Disaat pemerintah daerah sedang menggalakkan akselerasi kinerja terkait pencapaian program 100 Hari Kerja Dian – Tuti dalam membangun Kuningan, Kepala UPTD Puskesmas Darma malah mangkir dari tanggung jawabnya dalam melayani masyarakat, sangat ironis. Apalagi kalau melihat situasi ekonomi sekarang yang sedang sulit karena tertekan inflasi, keterbatasan pasokan dan rendahnya daya beli, semestinya para pegawai Puskesmas Darma lebih responsif dalam melakukan aktivitas pelayanan masyarakat.
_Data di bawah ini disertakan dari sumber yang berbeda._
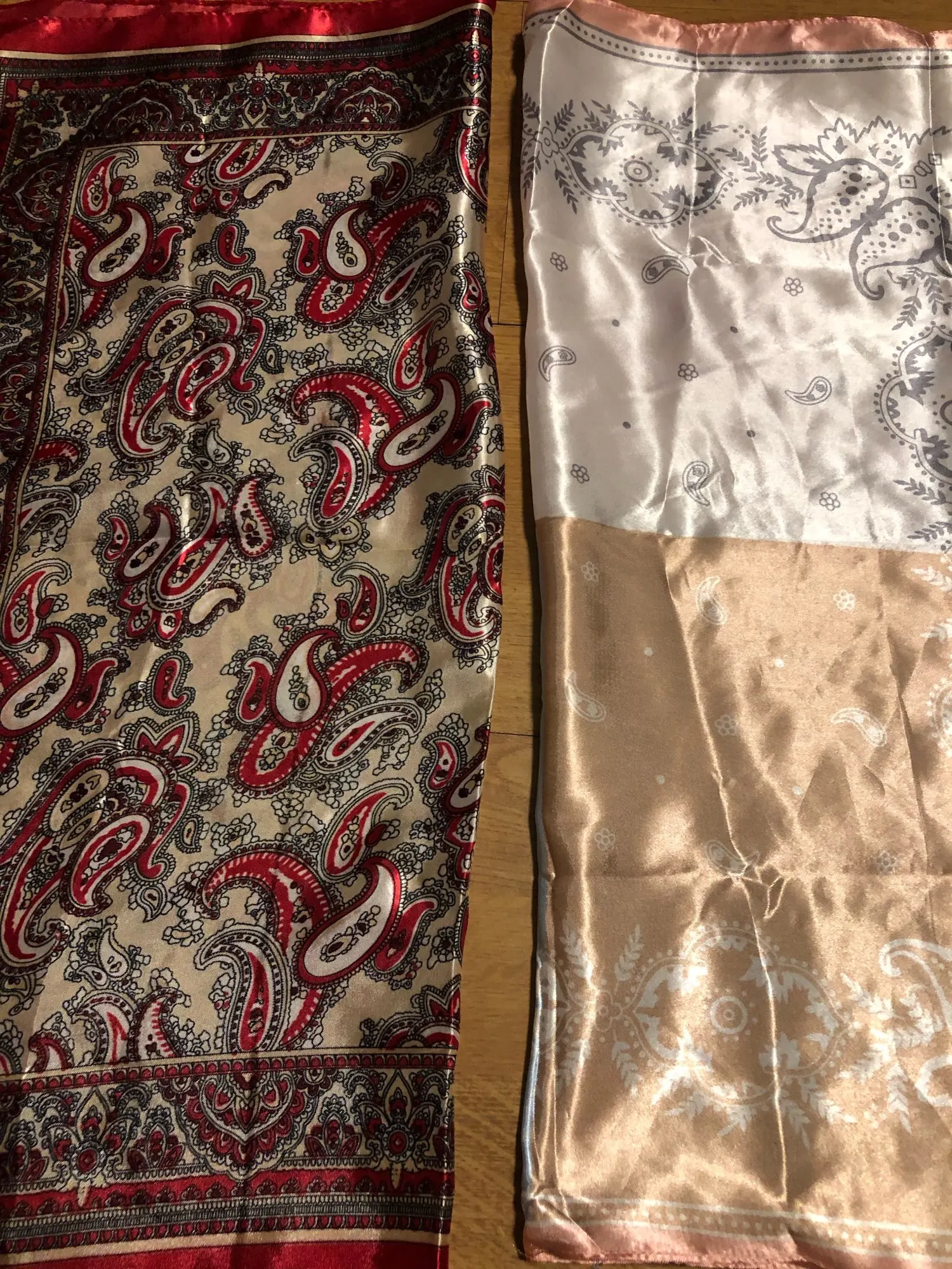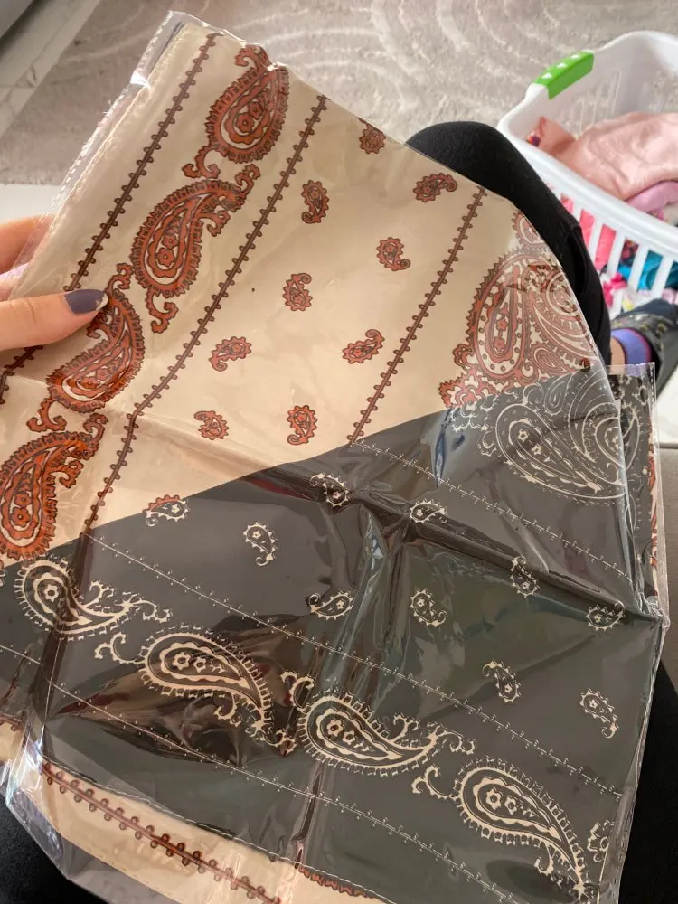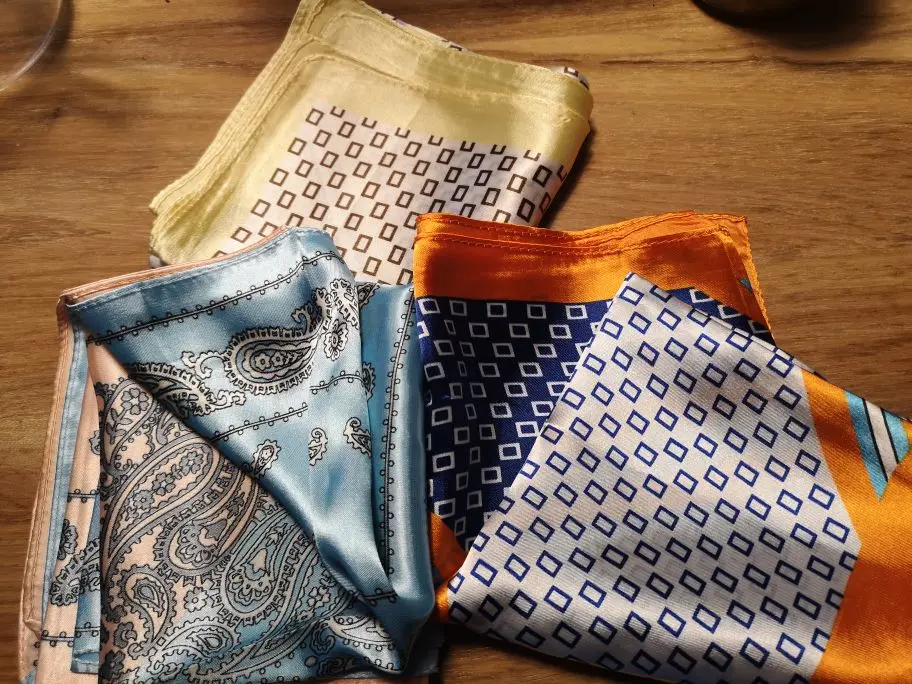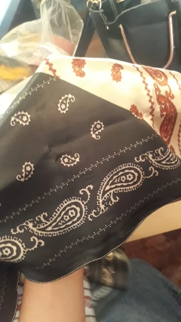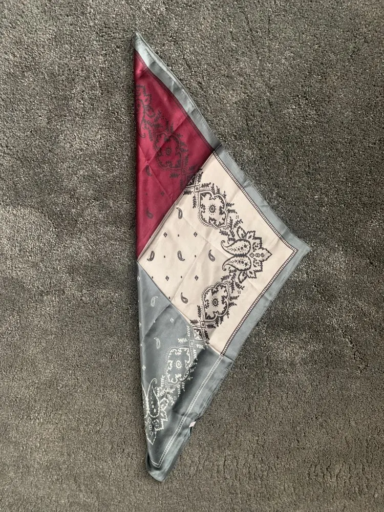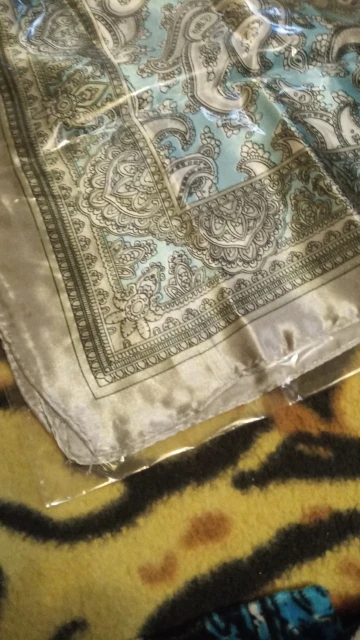 Рисунок размазанный, но за свою цену хорошие косынки. Трудно понять по фото, какого они цвета, но мне подошли те цвета, что пришли. Цвет С оказался с синим рисунком на белом фоне, а не с чёрным. Вторая половина ближе к тёплому красному. Цвет D - тёмный холодный зелёный, а не чёрный, как кажется на фото.

Yang membuat tidak habis pikir, kok bisa-bisanya Kepala Puskesmas Darma Saepudin, memberikan contoh disiplin kerja yang jelek kepada seluruh pegawai Puskesmas se Kabupaten Kuningan, padahal selaku Ketua APKESMI (Akselerasi Puskesmas Indonesia) mestinya yang bersangkutan memperlihatkan keteladanan.

Iklan

Yang paling menyedihkan adalah Kepala Puskesmas Darma melupakan Prinsip Utama bahwa uang yang dialokasikan oleh negara untuk membayar gaji mereka adalah uang yang dipungut dari hasil keringat rakyat melalui pajak dan retribusi, sehingga semestinya bisa mempertanggung jawabkan kinerjanya.

Tentu ini menjadi perhatian luas publik. Apa yang dilakukan oleh Kepala Puskesmas Darma Saepudin itu sungguh sangat keterlaluan!. Selain mangkir pada hari kerja, disisi lain banyak persoalan dan masalah yang berkaitan dengan dirinya selaku Ketua Forum Puskesmas se Kabupaten Kuningan atau APKESMI.

Posisi bersangkutan sebagai Ketua APKESMI yang membawahi 37 Kepala Puskesmas se Kabupaten Kuningan menjadikan Kepala Puskesmas Darma Saepudin seolah menjadi Raja Kecil atau membuat negara dalam negara. Sudah menjadi rahasia umum bahwa yang bersangkutan menjadi kolektor atau pengepul pungutan liar (pungli) untuk jatah preman pada saat dana kapitasi atau Bantuan Operasional Kesehatan (BOK) per kecamatan dicairkan.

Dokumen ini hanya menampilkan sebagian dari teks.